# Miss Thailand



## Jari (Jan 29, 2003)

Swedish olympian team member Mix Haxholm has won the beaty queen competition,
she is now Miss Thailand.and now she is going to the
Miss World competition in Kina.


----------



## >--gt--> (Jul 1, 2002)

Jari,

Isnt it great ? Mix is a very personable woman and a great archer. And now 400,000 Kroner richer too 

Good publicity for our sport.

Maybe she''ll shoot her Aerotec for the talent portion of the competition...


----------



## Jim C (Oct 15, 2002)

I guess Ms World citizenship/eligibilty rules differ from those of the IOC/FITA?


----------



## >--gt--> (Jul 1, 2002)

Jim C said:


> *I guess Ms World citizenship/eligibilty rules differ from those of the IOC/FITA? *


Her mother is Thai. She may have dual citizenship.

(As for the IOC rules, I am IOC qualified for the Greek Olympic Team for similar reasons.)


----------



## Jim C (Oct 15, 2002)

s for the IOC rules, I am IOC qualified for the Greek Olympic Team for similar
reasons.)
__________________
cool-I don't know much about greek archers.
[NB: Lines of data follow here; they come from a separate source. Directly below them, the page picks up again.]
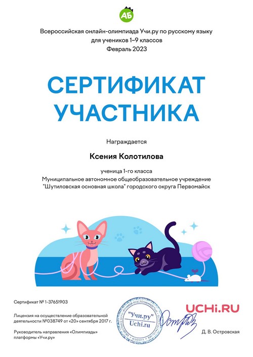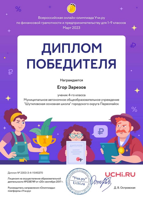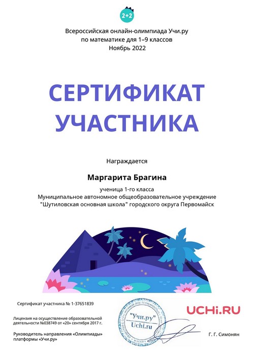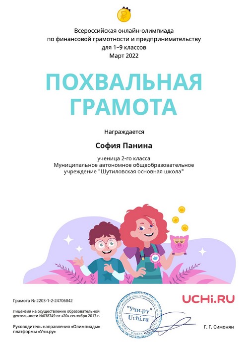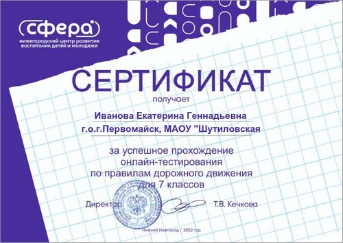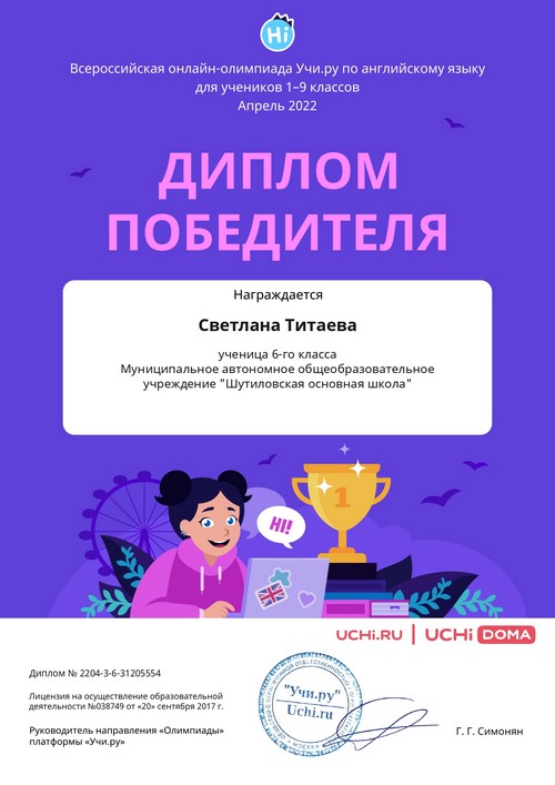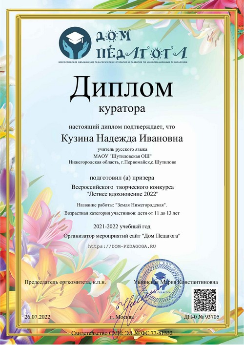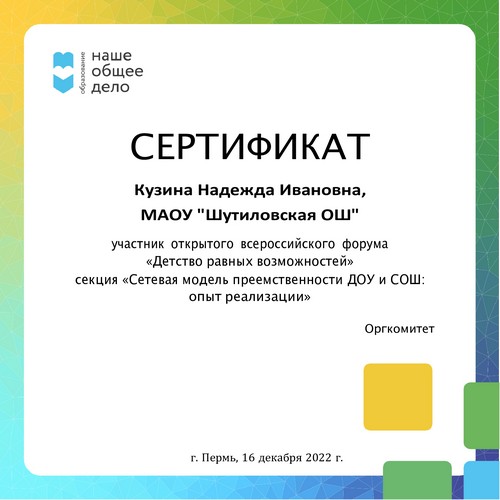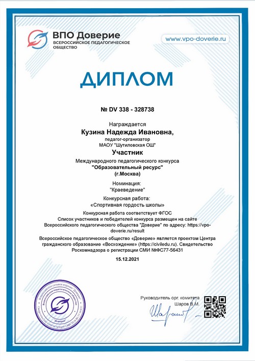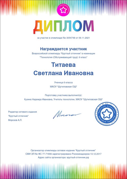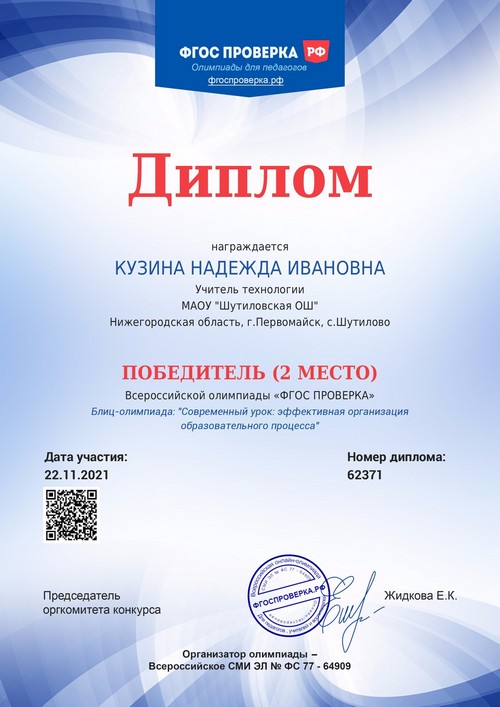 22 ноября 2021 года, в рамках реализации программ внеурочной деятельности с применением дистанционных образовательных технологий, Кузина Надежда Ивановна, педагог МАОУ «Шутиловская ОШ», приняла активное участие во всероссийской олимпиаде по теме «Современный урок: эффективная организация образовательного процесса».
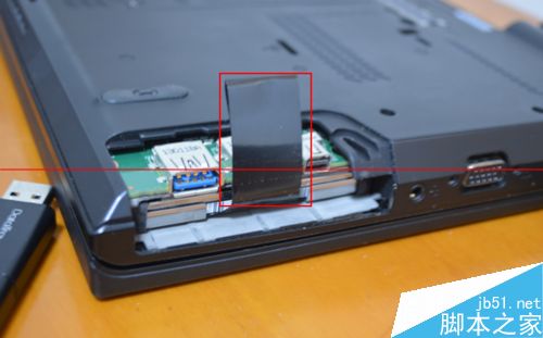 5、下圖圈住的黑色拉帶,默認放在硬盤的上下縫隙里,將其取出,拉出硬盤即可。
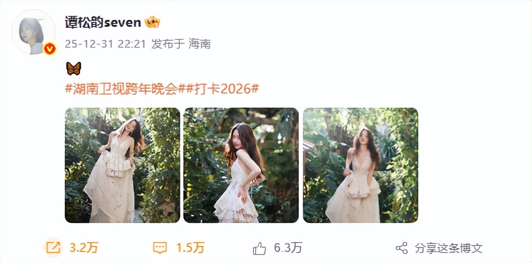 2025 年最后一晚的海南,热带晚风裹着枝叶的潮气,谭松韵踩着这股软,把浅米蛋糕裙藏进了绿植丛里。她的跨年动态没带舞台的亮,只有裙褶蹭着叶边的轻,和湖南卫视跨年晚会后卸了劲儿的松弛。

Do you have any interest in shooting for them?

(and will that lead to jokes about "Beware of Greeks bearing hoyts? )


----------



## Tax Lawyer (Feb 5, 2003)

My father is Thai and my mother is German.
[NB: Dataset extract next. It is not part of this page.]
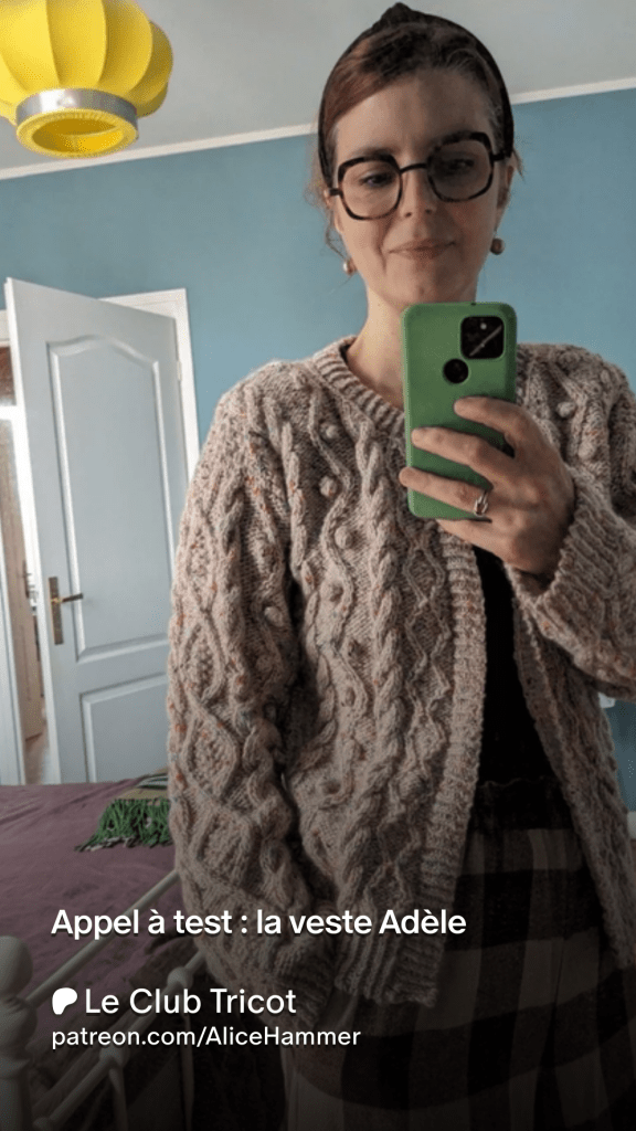 J’ai lancé l’appel à test pour la veste Adèle, mes abonnées Patreon ont eu la primeur de l’annonce mardi (je leur laisse toujours la priorité pour se positionner sur les tests) et j’ouvre aujourd’hui l’appel à toutes les bonnes volontés aimant particulièrement les torsades. Voici le lien vers la publication, vous pouvez si vous le souhaitez vous proposer remplir le petit formulaire en bas de page.
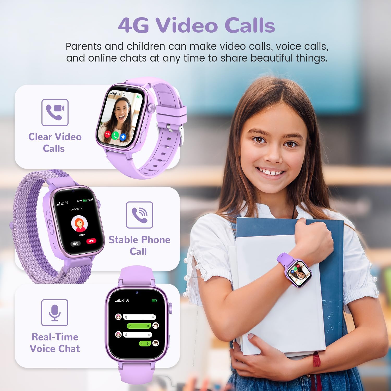 3 TYPES OF POSITIONING: Using GPS, LBS and WiFi technology, this kids smart watch allows parents to check their children’s location in real time. In emergencies, by holding the SOS button for 2 seconds, the 4G kids watch will automatically call 3 preset emergency contacts, ensuring immediate response to protect the child

My dad always say the half asians are the most beautiful people. He then says, "Son, I do not know what happened to you."


----------



## Lumis17 (Jun 9, 2003)

She can't be from Thailand, her last name is too short. It should be like 15 characters long


----------



## Jari (Jan 29, 2003)

Hi!
Mix other name is Jenjira Kerdprasop.


----------



## knobbysgirl (Nov 11, 2003)

That is awesome. Just one more way for us archers to get noticed.


----------



## Jari (Jan 29, 2003)

I must corect the name, 

Mix other name should be Janejira Keardprasop.


----------



## Jari (Jan 29, 2003)

Here is litle info frome the Miss World page.

Jenjira KERDPRASOP 
Thailand 
Jenjira will be attending University next year to commence her studies in Sports Psychology, it is her ambition to be s Sport’s Teacher and to obtain an Olympic Medial. Her interesting background and parentage is reflected in her cute nickname “Mix” which was given to her by her parents, her mother comes from Thailand and her from Sweden. Jenjira is an enthusiastic sportswoman and has represented both Sweden and Thailand in the National Archery Teams, she has also been a figure skater for 10 years. Her Hobbies/sporting interests are: Reading, weight training, aerobics, yoga, and jazz dancing 

Languages: Thai, Swedish & English


----------



## MerlinApexDylan (Oct 14, 2002)

Ok, is it me. Or is she really hot. 

I think she should be on the Archery-Forum babe of the year award thread.


----------



## Jari (Jan 29, 2003)

Here is more photo of Jenjira (Mix)


----------



## Punch_Master (Jul 24, 2002)

Ok Merlin for once I agree with something you said. She is dang purdy.


----------



## ptcrad24 (Jan 7, 2005)

Is she still doing archery? What is her status as of now?


----------



## thaitanium (Jun 14, 2007)

*Jenjira Kerdprasop*

Her name is Jenjira Kerdprasop

I think Now she don't shoot anymore or it's just a hobby BeCuz She going to be a singer

Last year she had a MIX Archery club for teaching 

She very smart really smart

Thaitanium CNN !


----------



## thaitanium (Jun 14, 2007)

*...*



Lumis17 said:


> She can't be from Thailand, her last name is too short. It should be like 15 characters long


She is thai 

some thai name is na

you got that ?


----------



## BIGT (Feb 10, 2005)

There's no chance she likes chubby guys who drive forklifts for a living is there? Cause I know one!


----------



## ptcrad24 (Jan 7, 2005)

thaitanium said:


> Her name is Jenjira Kerdprasop
> 
> I think Now she don't shoot anymore or it's just a hobby BeCuz She going to be a singer
> 
> ...




I'm going to miss her. Thank you for the information.


----------